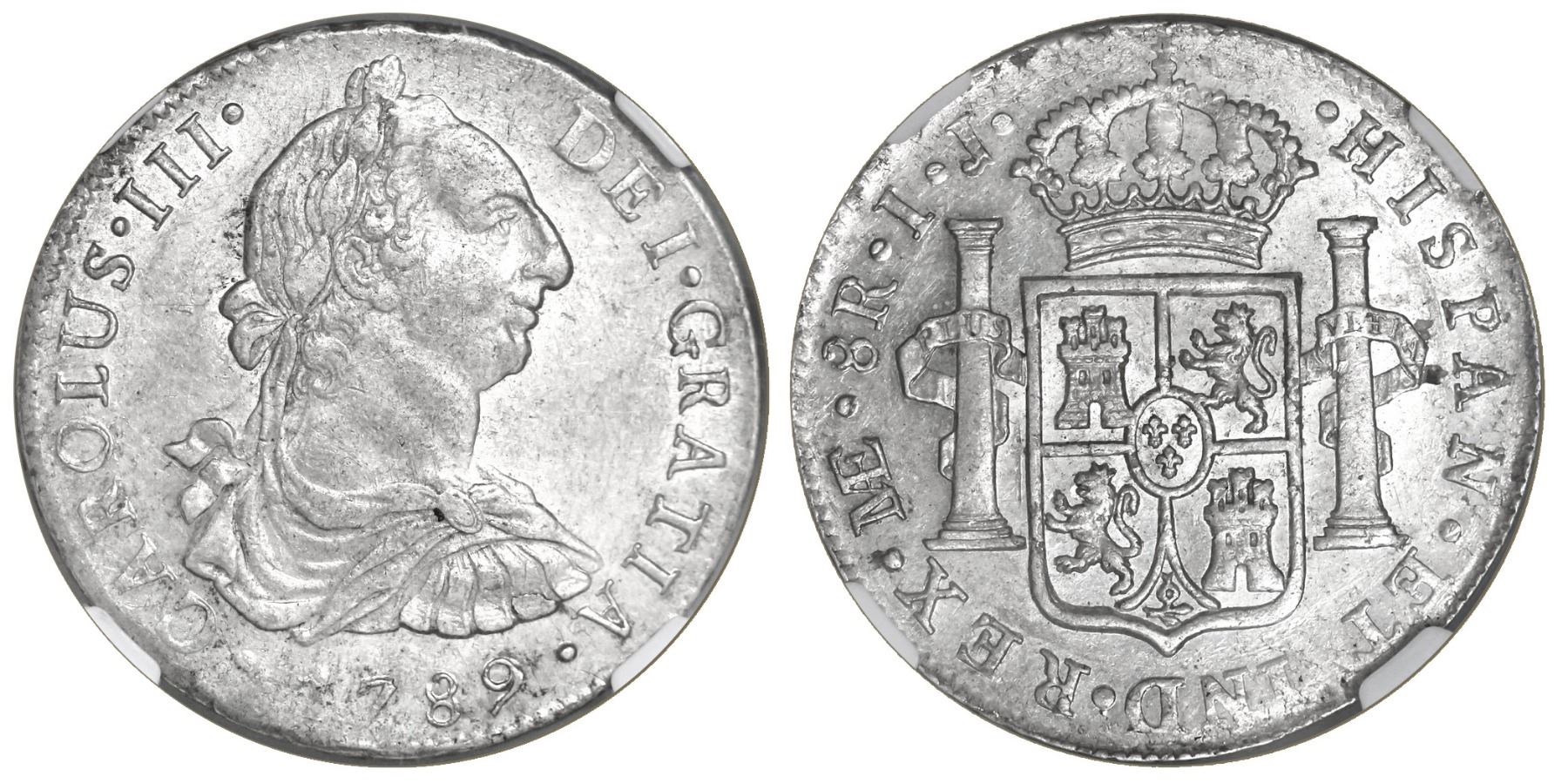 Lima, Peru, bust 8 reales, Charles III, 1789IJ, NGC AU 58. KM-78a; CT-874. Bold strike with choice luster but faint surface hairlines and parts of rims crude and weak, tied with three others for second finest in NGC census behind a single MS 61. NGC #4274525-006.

...

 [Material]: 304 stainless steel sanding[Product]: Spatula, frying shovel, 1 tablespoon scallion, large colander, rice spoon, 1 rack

---

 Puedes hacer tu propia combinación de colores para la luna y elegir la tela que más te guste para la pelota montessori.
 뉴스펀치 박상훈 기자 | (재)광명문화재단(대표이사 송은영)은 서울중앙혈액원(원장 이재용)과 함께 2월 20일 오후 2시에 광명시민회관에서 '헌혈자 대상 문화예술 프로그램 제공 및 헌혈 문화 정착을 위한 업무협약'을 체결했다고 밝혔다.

Work to complete: Begin with the line that has "Puedes hacer tu" in the listing above and end after the line that has "뉴스펀치 박상훈 기자"; output those lines exactly.

Reply to the task:
 Puedes hacer tu propia combinación de colores para la luna y elegir la tela que más te guste para la pelota montessori.
 뉴스펀치 박상훈 기자 | (재)광명문화재단(대표이사 송은영)은 서울중앙혈액원(원장 이재용)과 함께 2월 20일 오후 2시에 광명시민회관에서 '헌혈자 대상 문화예술 프로그램 제공 및 헌혈 문화 정착을 위한 업무협약'을 체결했다고 밝혔다.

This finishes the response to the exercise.